Introduction and Testing Methodology

Small businesses and power users in a home setting have begun to face challenges with managing large amounts of data. These are generated either as part of day-to-day business operations or backing up of multimedia files from phones / tablets / TV recordings etc. One option is to use a dedicated COTS (commercial off-the-shelf) NAS from a vendor such as Synology or QNAP. Sometimes, it is also necessary to have a file server that is much more flexible with respect to programs that can be run on it. This is where storage servers based on Microsoft's offerings or even units based on Linux distributions such as Red Hat and Ubuntu come into play. These servers can either be bought as an appliance or assembled in a DIY fashion. Today, we will be looking at a system based on the latter approach.

A DIY approach involves selection of an appropriate motherboard and a chassis to place it in. Depending on the requirements and motherboard characteristics, one can opt for ECC or ordinary RAM. The platform choice and the number of drives would dictate the PSU capacity. The file server being discussed today uses the ASRock C2750D4I mini-ITX motherboard in a U-NAS NSC 800 chassis. 8 GB of ECC DRAM and a 400 W PSU round up the barebones components.
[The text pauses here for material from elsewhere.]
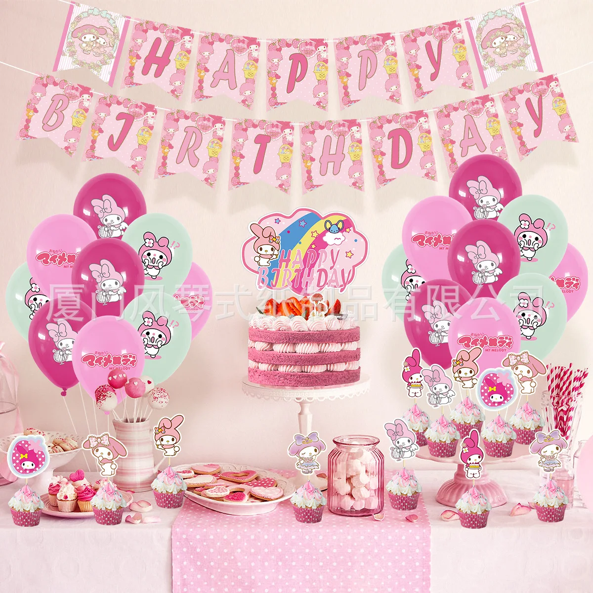 Имя: мелодия мультфильм день рождения воздушный шар набор аниме игрушка воздушные шары тянуть флаг торт тянуть веревку флаг открытка в виде домика Висячие карты воздушный шар набор

The table below lists the components of the system.

ASRock C2750D4I + U-NAS NSC-800
Form Factor 8-bay mini-tower / mITX motherboard
Platform Intel Avoton C2750
CPU Configuration 8C/8T Silvermont x86 Cores
4 MB L2, 20W TDP
2.4 GHz (Turbo: 2.6 GHz)
SoC SATA Ports 2x SATA III (for two hot-swap bays)
4x SATA II (for one OS drive)
Additional SATA Ports Marvell SE9172 (2x) (for two hot-swap bays)
Marvell SE9230 (4x) (for four hot-swap bays)
I/O Ports 3x USB 2.0
1x D-Sub
2x RJ-45 GbE LAN
1x RJ-45 IPMI LAN
1x COM1 Serial Port
Expansion Slots 1x PCIe 2.0 x8 (Unused)
Memory 2x 4GB DDR3-1333 ECC UDIMM
Samsung M391B5273DH0-YH9
Data Drives 8x OCZ Vector 128 GB
Chassis Dimensions 316mm x 254mm x 180mm
Power Supply 400W Internal PSU
Diskless Price (when built) USD 845

Evaluation Methodology

A file server can be used for multiple purposes, unlike a dedicated NAS. Evaluating a file server with our standard NAS testing methodology wouldn't do justice to the eventual use-cases and would tell only a part of the story to the reader. Hence, we adopt a hybrid approach in which the evaluation is divided into two parts - one, as a standalone computing system and another as a storage device on a network.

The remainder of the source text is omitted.